Большая часть населения была совершенно дезориентирована. Множество газет, журналов, отечественные телеканалы внушали обывателю, что ему нечего гордиться своей “нецивилизованной” страной, её “неправильной” историей, что ему нужно, не переставая, каяться за содеянное его отцами и дедами... Что настоящая жизнь — за пределами Отечества (и многотысячные толпы повалили к посольствам — от США до Новой Зеландии — за визами). Что советскому человеку необходимо только тем и заниматься, что “выдавливать из себя раба” (через год в “Нашем современнике” появилось стихотворение Виктора Лапшина, начинающееся строками: “Что нового под солнцем, голытьба? / Кто из себя уж выдавил раба / и давит с чистой совестью соседа?..”). А выдавить его можно лишь, учась у благополучного Запада, перенимая его быт и культуру... Перенимали в трёхчасовой очереди в “Макдональдс”, возведённый напротив опекушинского памятника Пушкину на месте уничтоженного кафе “Лира”... По три часа в своё время выстаивали в очереди в Третьяковскую галерею. Теперь стояли за американским бутербродом. Из “Макдональдса” толпа неслась на митинги, где взвинченные ораторы произносили речи, в которых проклинали советский “тоталитаризм” и призывали к сокрушению наличной власти.
Эта мелочь на фоне происходящих событий лишний раз свидетельствует о помутнении рассудка огромного количества населения, которое потеряло веру в страну с более чем тысячелетней историей.
Кожинов словом и делом противостоял разлившейся морем разливанным русофобии и “чёрному” антисоветизму, но не принимал и зарождавшуюся — как противовес “демократической” истерике в определённых литературных кругах — новую апологию Сталина и его эпохи.
— Сталин подморозил Россию, как об этом мечтал когда-то Константин Леонтьев и как это было необходимо в сталинское время, — говорил он Юрию Ключникову, к стихам которого внимательно приглядывался и чью работу “Мистический Пушкин” рекомендовал для чтения своему ближайшему окружению. — Но замораживать страну кровавой диктатурой было бы крайне неполезно, хотя многие об этом только и мечтают. Сколько можно тянуть людей силой в светлое будущее! Как только пресс слабеет, народ из-под него разбегается.

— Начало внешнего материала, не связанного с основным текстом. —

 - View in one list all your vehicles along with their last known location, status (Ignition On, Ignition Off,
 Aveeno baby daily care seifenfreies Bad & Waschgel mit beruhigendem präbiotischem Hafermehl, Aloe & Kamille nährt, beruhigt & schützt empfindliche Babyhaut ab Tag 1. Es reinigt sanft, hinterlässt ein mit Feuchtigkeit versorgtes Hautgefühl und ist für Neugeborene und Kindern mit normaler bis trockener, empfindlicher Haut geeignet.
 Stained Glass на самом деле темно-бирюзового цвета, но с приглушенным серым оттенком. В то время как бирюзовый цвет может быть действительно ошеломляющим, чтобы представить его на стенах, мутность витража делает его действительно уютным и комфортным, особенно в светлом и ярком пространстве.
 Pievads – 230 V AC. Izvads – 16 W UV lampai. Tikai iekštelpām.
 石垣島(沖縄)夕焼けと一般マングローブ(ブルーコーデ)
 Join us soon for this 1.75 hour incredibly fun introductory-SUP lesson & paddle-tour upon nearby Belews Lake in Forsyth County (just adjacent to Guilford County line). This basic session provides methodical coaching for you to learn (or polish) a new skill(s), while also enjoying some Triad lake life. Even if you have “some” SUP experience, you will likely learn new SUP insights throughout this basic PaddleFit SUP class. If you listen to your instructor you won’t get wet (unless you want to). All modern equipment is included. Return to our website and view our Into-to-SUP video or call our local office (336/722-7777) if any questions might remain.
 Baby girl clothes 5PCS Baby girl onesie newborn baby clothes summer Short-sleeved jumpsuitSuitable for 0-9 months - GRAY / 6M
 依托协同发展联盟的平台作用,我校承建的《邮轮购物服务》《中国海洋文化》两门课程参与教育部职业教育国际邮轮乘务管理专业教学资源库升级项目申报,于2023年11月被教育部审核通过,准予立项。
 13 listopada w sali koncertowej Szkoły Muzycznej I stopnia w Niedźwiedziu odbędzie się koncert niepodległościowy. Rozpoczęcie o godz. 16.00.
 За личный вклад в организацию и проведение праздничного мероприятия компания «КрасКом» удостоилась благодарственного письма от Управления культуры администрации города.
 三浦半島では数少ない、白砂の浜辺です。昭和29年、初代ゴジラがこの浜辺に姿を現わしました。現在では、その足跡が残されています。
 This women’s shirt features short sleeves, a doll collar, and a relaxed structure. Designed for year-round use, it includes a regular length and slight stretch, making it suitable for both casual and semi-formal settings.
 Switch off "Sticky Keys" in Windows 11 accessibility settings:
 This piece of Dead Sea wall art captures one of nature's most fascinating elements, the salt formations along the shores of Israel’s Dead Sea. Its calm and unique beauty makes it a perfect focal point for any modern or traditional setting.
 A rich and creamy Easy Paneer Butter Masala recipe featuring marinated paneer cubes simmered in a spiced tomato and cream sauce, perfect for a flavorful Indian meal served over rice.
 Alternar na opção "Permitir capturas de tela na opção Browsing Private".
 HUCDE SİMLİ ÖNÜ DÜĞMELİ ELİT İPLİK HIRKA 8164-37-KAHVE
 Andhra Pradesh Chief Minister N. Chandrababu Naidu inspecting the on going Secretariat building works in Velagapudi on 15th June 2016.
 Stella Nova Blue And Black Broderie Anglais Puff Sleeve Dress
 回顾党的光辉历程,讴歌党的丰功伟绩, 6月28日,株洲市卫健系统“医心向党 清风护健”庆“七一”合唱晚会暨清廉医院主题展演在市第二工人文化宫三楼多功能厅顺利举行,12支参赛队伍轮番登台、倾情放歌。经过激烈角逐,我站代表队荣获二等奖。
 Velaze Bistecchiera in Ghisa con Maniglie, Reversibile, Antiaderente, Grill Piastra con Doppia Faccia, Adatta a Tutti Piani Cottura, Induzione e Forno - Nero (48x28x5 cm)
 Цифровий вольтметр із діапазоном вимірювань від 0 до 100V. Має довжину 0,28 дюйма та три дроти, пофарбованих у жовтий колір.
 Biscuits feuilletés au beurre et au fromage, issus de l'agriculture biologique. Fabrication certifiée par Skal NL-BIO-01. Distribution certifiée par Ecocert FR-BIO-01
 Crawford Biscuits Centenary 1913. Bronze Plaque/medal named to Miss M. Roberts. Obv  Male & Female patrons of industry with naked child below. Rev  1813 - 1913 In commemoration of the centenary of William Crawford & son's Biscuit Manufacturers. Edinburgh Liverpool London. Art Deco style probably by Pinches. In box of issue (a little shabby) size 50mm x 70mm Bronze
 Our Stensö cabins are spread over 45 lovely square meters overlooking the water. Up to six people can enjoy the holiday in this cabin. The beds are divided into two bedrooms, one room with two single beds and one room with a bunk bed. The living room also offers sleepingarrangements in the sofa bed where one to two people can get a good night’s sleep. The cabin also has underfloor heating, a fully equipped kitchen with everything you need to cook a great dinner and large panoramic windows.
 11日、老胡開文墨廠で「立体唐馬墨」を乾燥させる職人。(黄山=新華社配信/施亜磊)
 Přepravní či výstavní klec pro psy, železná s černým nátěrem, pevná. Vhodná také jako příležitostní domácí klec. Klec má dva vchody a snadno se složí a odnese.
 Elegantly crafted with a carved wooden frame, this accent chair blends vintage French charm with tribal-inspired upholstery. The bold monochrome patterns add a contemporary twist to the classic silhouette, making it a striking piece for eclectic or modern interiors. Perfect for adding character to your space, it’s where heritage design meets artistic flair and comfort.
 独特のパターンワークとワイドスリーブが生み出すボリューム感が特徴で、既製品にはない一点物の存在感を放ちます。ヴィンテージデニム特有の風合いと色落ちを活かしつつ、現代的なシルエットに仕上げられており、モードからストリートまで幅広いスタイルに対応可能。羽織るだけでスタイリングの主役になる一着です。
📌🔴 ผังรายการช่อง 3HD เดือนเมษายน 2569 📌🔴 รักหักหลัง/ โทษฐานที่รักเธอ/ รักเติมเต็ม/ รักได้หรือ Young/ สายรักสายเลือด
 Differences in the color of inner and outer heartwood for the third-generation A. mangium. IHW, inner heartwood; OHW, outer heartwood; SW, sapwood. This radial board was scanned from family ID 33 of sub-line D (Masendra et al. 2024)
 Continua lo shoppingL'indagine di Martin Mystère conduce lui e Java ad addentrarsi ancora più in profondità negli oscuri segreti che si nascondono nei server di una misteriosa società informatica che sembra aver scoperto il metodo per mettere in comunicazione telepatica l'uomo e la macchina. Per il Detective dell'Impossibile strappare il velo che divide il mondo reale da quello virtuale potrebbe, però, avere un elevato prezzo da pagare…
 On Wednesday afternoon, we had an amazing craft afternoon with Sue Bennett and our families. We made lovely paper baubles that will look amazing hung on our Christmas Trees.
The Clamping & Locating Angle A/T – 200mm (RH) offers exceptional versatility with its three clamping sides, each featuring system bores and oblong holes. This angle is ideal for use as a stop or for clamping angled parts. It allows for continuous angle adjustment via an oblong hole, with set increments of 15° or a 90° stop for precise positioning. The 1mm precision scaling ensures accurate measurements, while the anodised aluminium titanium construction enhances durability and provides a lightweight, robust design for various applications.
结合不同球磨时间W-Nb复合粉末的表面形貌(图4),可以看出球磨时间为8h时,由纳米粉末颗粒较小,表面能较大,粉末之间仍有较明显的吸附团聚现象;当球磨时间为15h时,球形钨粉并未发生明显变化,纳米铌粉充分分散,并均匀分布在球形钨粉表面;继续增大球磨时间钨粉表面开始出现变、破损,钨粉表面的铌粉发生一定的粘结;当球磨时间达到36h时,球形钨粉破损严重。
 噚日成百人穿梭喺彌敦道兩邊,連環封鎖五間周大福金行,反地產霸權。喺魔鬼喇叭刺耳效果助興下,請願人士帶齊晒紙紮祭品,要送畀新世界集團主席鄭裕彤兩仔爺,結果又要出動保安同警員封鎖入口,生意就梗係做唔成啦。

Безалаберную русскую кашу пора учиться расхлёбывать самим.
В 1989 году вышла, наконец, отдельным изданием книга Льва Гумилёва “Древняя Русь и Великая степь”. Читая страницы, посвящённых Руси XIII века, можно было бы остановиться на эпизодах, имеющих отношение и к недавним временам — к периоду так называемого “застоя” — и жгучей современности:
“Если понимать под прогрессом движение вперёд по ходу времени, то после вечерней зари наступают голубые сумерки, а за ними надвигается чёрная ночь. Однако эта последняя фаза современниками из виду упускается, вероятно, по причинам эмоциональным. Древние русичи исключением не были. Им... представлялось, что “украсно украшенная” Русская земля будет процветать до скончания мира, причём для поддержания этого благополучия от обитателей её не потребуется никаких усилий... Жить стало легко и приятно, а главное — свободно, потому что Руси ничто не угрожало, а значит, можно было расслабиться и не думать о судьбе своего Отечества. Это блаженное состояние продолжалось 20 лет...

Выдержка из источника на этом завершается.